Problem statement:
In the records below, find the line containing "über die Täler." and the line containing "Только вместе и"; please repeat exactly the lines from one to the other, both included, and nothing more.

Stored data below:

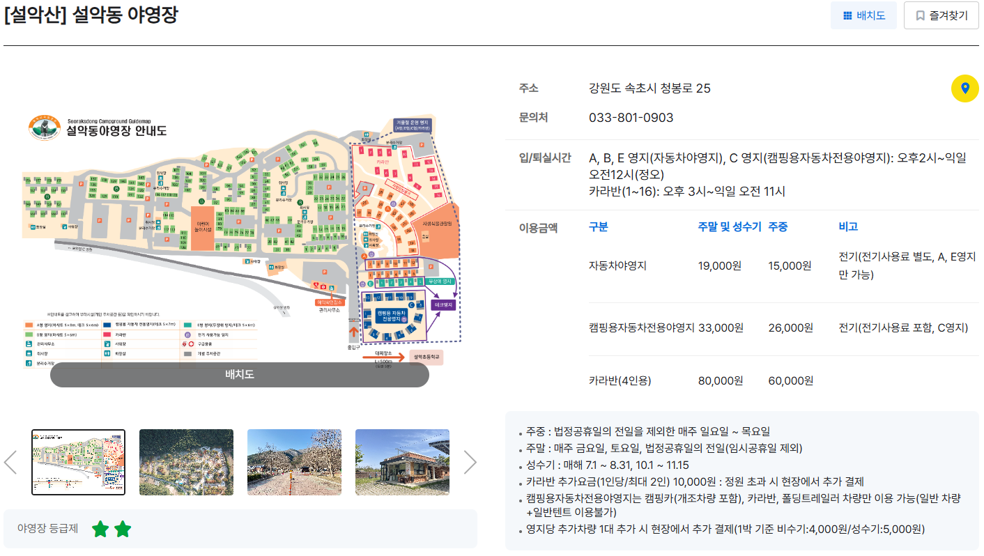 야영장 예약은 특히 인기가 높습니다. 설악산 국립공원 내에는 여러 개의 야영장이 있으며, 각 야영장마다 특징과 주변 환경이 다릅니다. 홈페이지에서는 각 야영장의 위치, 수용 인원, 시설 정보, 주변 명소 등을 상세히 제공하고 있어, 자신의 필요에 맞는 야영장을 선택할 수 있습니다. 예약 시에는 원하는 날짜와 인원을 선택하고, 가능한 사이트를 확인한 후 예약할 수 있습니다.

End of Stored data.
Stored data below:

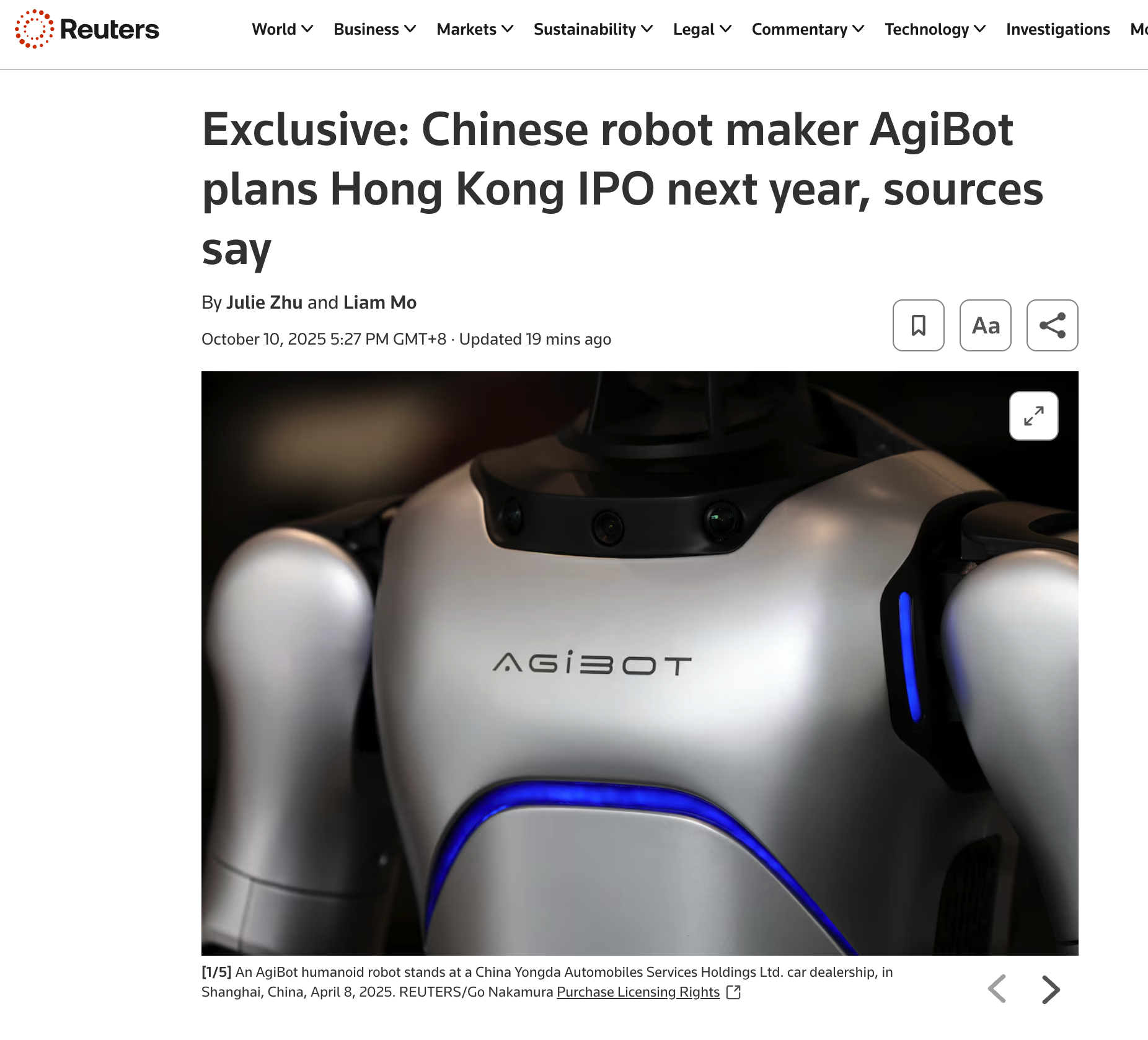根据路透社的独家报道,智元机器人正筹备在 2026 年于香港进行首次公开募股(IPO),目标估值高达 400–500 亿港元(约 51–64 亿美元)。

End of Stored data.
Stored data below:

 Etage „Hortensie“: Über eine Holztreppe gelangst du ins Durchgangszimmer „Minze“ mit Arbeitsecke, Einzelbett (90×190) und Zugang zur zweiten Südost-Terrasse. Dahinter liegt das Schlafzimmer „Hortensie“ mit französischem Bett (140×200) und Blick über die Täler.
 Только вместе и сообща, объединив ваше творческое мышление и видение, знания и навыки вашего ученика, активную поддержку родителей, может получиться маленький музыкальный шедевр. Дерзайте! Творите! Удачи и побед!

End of Stored data.

Task answer:
 Etage „Hortensie“: Über eine Holztreppe gelangst du ins Durchgangszimmer „Minze“ mit Arbeitsecke, Einzelbett (90×190) und Zugang zur zweiten Südost-Terrasse. Dahinter liegt das Schlafzimmer „Hortensie“ mit französischem Bett (140×200) und Blick über die Täler.
 Только вместе и сообща, объединив ваше творческое мышление и видение, знания и навыки вашего ученика, активную поддержку родителей, может получиться маленький музыкальный шедевр. Дерзайте! Творите! Удачи и побед!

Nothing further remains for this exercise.